A blog reviewing all the available American animated cartoons of 1939, in approximately release order (or reverse order from the perspective of someone reading the blog after it is done).
Tuesday, March 23, 2010
038 Prest-O Change-O
Title: Prest-O Change-O
Studio: Warner Brothers
Date: 3/25/39
Credits:
Series: Merrie Melodies (on Blue Ribbon print)
Running time (of viewed version): 7:02
Synopsis: Two dogs break into a magician's home to hide from the authorities, where they are harassed by a rabbit who likely has a lot more right to be there than they do.
Comments: I'm uncertain how the capitalization should work in the title, but I didn't want it in all caps like the title card. Return of the pair of dogs from Dog Gone Modern. Horse-voiced magic rabbit is an obvious precursor to you-know-who's early appearances. The rabbit even kisses the big dog. Twice. The dogs end up on top in the end tho, because if you punch anything hard enough, even something magic, you win (that was the message in Lord of the Rings, right?). The music moves well in this cartoon. Noticeably Warner-y, it adds plenty to the movements.

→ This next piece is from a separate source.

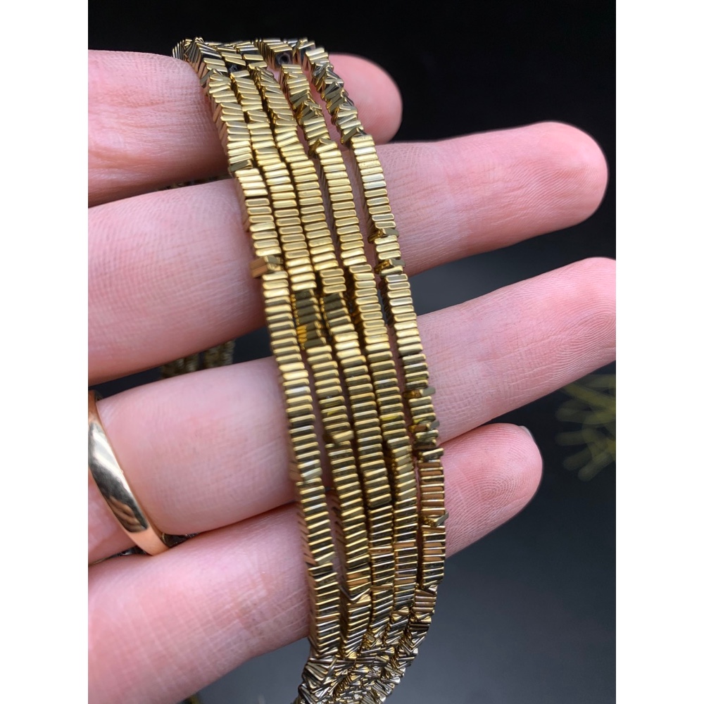 Каменные бусины, Гематит синтетический, золото, квадрат, размер 3х1 мм, нить 38 см

This is the second WB cartoon in a row to save some animation with a mostly invisible character. I wonder how much work it saved for the animators, who needed to still plan the whole character to move just some gloves; I'm sure it saved plenty of ink and paint work, at least. The unseen (assuming he's not the rabbit) magician's name is Sham-Fu. This resonates now with both Sham Wow and Shaq Fu. I assume it was a reference to a popular magician of the day (there was a magician named Fu Manchu at the time, but then the joke would seem more likely to be Fu Shamchu...). The cuckoo is vested as the Shadow, but "It's 12 o'clock, muahahahaha" doesn't sound like iconic shadow-speak to me; perhaps it's a gap in my education. There's a silhouette cutout of the devil in the hallway.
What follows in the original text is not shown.